ACTA bedeutet „Anti-Counterfeiting Trade Agreement“. Auf Deutsch bedeutet das in etwa „Abkommen gegen Produktpiraterie“. Der Vertrag wird seit 2008 verhandelt – ohne Öffentlichkeit! Erst ein Beschluss des Europaparlaments sorgte für eine Veröffentlichung des Vertrags. Sonst wäre der geheim durchgewunken worden.

Kritik

Die Kritik an ACTA sind mit drei Überschriften zusammenfassbar: Undemokratisch, netzpolitisch gefährlich und gesundheitspolitisch ebenso.

Undemokratisch:

ACTA wurde jenseits und durch Ausschaltung transparenter Organisationen (WTO oder World Intellectual Property Organization) verhandelt.
Entwicklungsländer werden von Industriestaaten und Konzernlobbies vor vollendeten Tatsachen gestellt.
Wenn ein demokratischer Politiker einen so zustande gekommenen Vertrag zustimmt, stimmt er auch undemokratischen Vorgängen zu.
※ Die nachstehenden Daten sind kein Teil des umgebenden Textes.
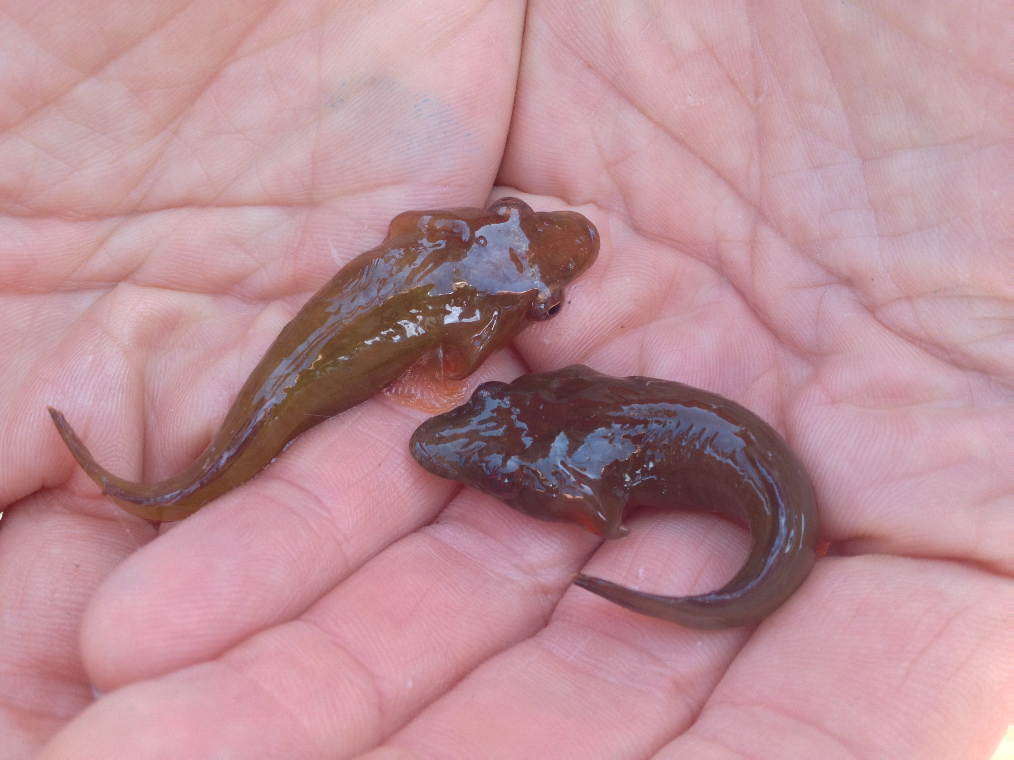 The tide this Sunday in Flushing was as low as it was the day before in Mount’s Bay and the weather was just as great too. We could walk among the Eelgrass and Golden kelp Laminaria ochroleuca. There were lots of Snakelocks anemones Anemonia viridis around; especially striking were patches of what must be clones. The tentacles are much shorter than the ones in my aquarium or those found deeper on kelp, must be due to being less exposed to the waves. Loads of fish as is usual here, a single overturned rock yielded five species alone! Again pictures of the Connemara clingfish Lepadogaster candollei, a Butterfish Pholis gunnellus (very wriggly, hard to get a good shot) and Tompot blenny Parablennius gattorugine eggs:

Auch wenn es ein guter Vertrag wäre (manches wurde ja auch tatsächlich wieder weg verhandelt) oder man inhaltlich dem Vertrag zustimmen mag, kann man nie und nimmer ein so zustande gekommenes Dokument zustimmen!

Netzpolitik

Für Internetuser und -userinnen sowie Provider stellt ACTA völlig neue Rahmenbedingungen:

Inhaber von Urheberrechten werden besonders gestärkt.
Schutz von Nutzer_innen werden nicht berücksichtigt.
Provider werden zu Hilfspolizisten „freiwillig gezwungen“ und müssen Inhalte und Userverhalten verfolgen.
Es droht die Gefahr, dass bei einer dritten Mahnung eines Nutzers die Internetverbindung gekappt wird – und damit der Zugang zu Informationen – eigentlich ein Grundrecht des 21. Jahrhunderts.
ACTA ignoriert alle Studien – etwa dass Downloader auch mehr Musik kaufen – glaubt, dass jede Datei, die kopiert wird, auch gekauft worden wäre, was natürlich Humbug ist, aber der Contentindustrie absurd hohe Strafen ermöglicht.

Gesundheitspolitik

Noch in den 90-er Jahren setzte sich Bill Clinton dafür ein, dass AIDS-Medikamente als billigere Generika afrikanischen Staaten zur Verfügung gestellt werden, damit die Epidemie dort besser bekämpfbar wird. Mit ACTA würde ihm das schwerer fallen:

Wettbewerb wird unterbunden, Monopole werden abgesichert.
Generika – etwa aus Indien, dem größten Herstellerland von Generika – können in Europa beschlagnahmt und vernichtet werden, wenn sie etwa nach Afrika transportiert werden.
Europäische Transporteure sind gefährdet, könnten aufhören zu transportieren, obwohl die Generika Menschenleben retten.
Zerstörung von Waren ist leichter möglich als vor ACTA, obwohl die Zerstörung möglicherweise den Tod vieler Menschen bedeutet – oder zumindest kompliziertere und schwierigere Behandlungen in Entwicklungsländern.

Offene Fragen

Am Ende hilft auch ACTA nicht grundlegende Fragen zu beantworten, die im digitalen Zeitalter neu überdacht werden müssen und ohnehin neue rechtliche Rahmenbedingungen benötigen:

Welches Urheberrecht und Patentrecht ist dem digitalen Zeitalter entsprechend neu zu adaptieren? Stimmen unsere Rechtsbestimmungen aus dem 19. Jahrhundert überhaupt noch im digitalen Zeitalter?
Wem gehört das Internet? Sollen Konzerne über nahezu alle Inhalte kontrollieren dürfen?
Netzpolitik wird immer noch als „Randthema“ betrachtet, die Contentindustrie hat alle technologischen Entwicklungen verschlafen. Sollen Internetnutzer und -nutzerinnen tatsächlich im Rückzugsgefecht der Industrie drauf zahlen, obwohl es deren Versagen war?

Wir sagen NEIN zu ACTA!

Hier geht es meiner auf Facebook eingerichteten Seite Österreich muss aus ACTA aussteigen! Bitte liken!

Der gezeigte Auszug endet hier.